Я поднял глаза на Иву. Она снова курила и сквозь облачко дыма смотрела нам меня отстранено и как будто испуганно.

— И он предполагает, что кто-то убил Аббаса и сжег машину, чтобы замести следы? — задумчиво спросил я ее.

Заглотив очередную порцию дыма, Ива закивала головой. Официант принес вино, и она, буквально схватив бокал с подноса, осушила его, словно это была вода.

— То есть кто-то знал время и маршрут движения Аббаса, заранее все спланировал, изготовил пирогель, подстерег машину, вероятно, выстрелом из снайперской винтовки убил водителя и сжег машину и тело? — продолжил рассуждения я, стараясь не обращать внимания на очень навязчивый взгляд Ивы. — По-моему, нереально. То есть, слишком сложно для того, чтобы быть реальным. Целый заговор. И потом: должно остаться отверстие от пули и — главное — сама пуля.

— Во, во, во, во! — воскликнула Ива, тыча указательным пальцем в потолок. — Он так и сказал. Отверстия, говорит, может и не остаться, потому что пуля через стекло могла пройти. И на останках следа от пули может не быть, потому что все сгорело. Но вот если, мол, найдем саму пулю, то все встанет на свои места. И еще они спросили, не было ли у Абика врагов, и не подозреваю ли я кого-нибудь. Я сказала, что не имею представления, кто бы это мог быть. Я правильно ответила?

— Что ты имеешь в виду? — холодно спросил я, уже понимая, на что моя собеседница намекает.

— Да то самое! — фыркнула Ива. — Сам прекрасно понимаешь. О том, что Абик едет в Эльбурган, ты знал, я сама тебе сказала. Ночевал ты с понедельника на вторник на даче, то есть, я не знаю, где, но мне ты утром во вторник сказал, что на даче. А от твоей дачи до места, где Абик сгорел, на самом деле по второй бетонке не так уж и далеко, верно? А про химию всю эту пиротехническую ты сам сейчас все рассказал, не очень-то и шифровался. Так что после этого ты как думаешь — что я должна меть в виду?

Я не знал, что ответить, и как продолжать дальше этот разговор. Представление о том, что эта женщина только сейчас совершенно серьезно предположила, что я убил ее мужа, не укладывалось в моей голове. Как и то, как я мог столько времени своей жизни этой женщине посвятить.

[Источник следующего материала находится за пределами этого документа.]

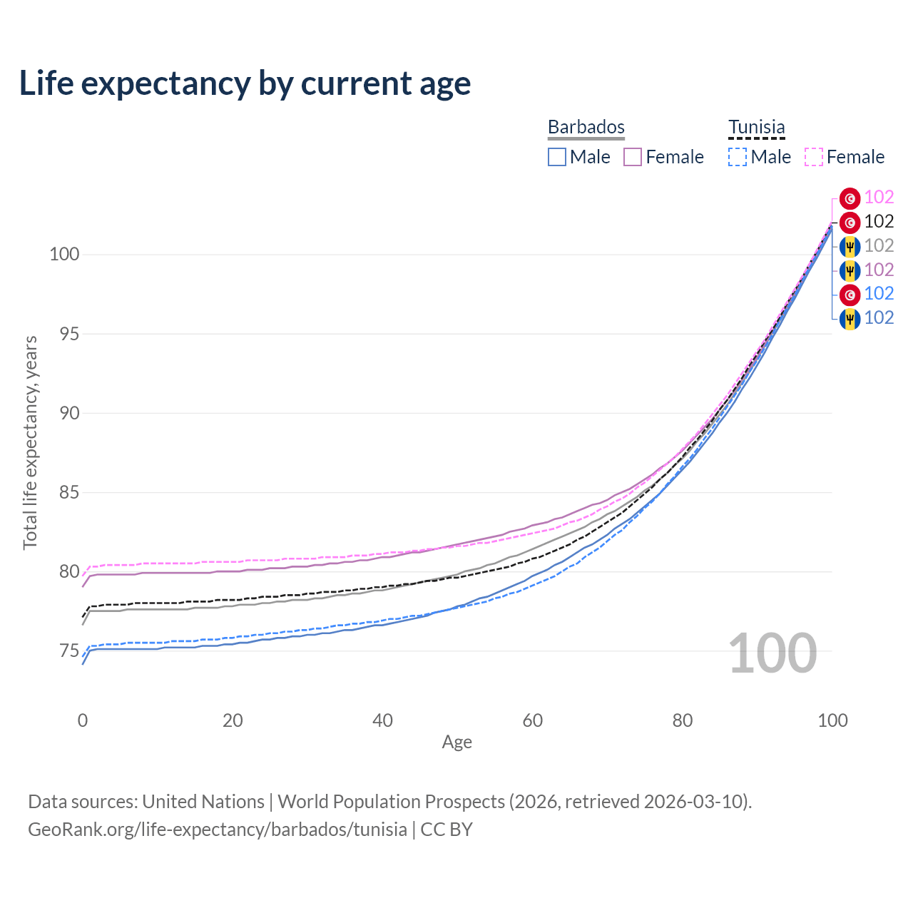 This life expectancy calculator shows the odds of living to 100, 95, 90, and below based on current age for both males and females in Barbados and Tunisia, along with mean and median age of death. The calculations are based on the 2026 life tables (actuarial tables) from the UN World Population Prospects.

Я постарался вложить в свои слова весь лед, на который только был способен.

— Ты с ума сошла, — раздельно произнес я. — Или пьяна совершенно.

Я ожидал от нее какой угодно реакции, но в ответ Ива весело рассмеялась.

— Пьяна — да, — ответила она, вытирая косточкой согнутого пальца уголки глаз. — Но с ума сошла — это не-е-ет! Я совершеннейшим образом в своем рассудке. И вполне способна понять действия мужчины — абстрактного мужчины, никого конкретного я не имею в виду! — которому баба, которую он любит и содержит, вдруг заявляет, что, дескать, пока я замужем, — далее по тексту. И он берет, и решает этот вопрос: нате, получите, ваше статус-кво изменено, дорогая гражданка, что теперь скажете? Извольте ответить за базар-с! И я могу сказать, что ничего, кроме одобрения, я к действиям такого мужчины не испытывала бы. И в знак восхищения его поступком я готова была бы прямо здесь, сейчас, у всех на глазах, отсосать у него под столом, если бы он только глазом моргнул.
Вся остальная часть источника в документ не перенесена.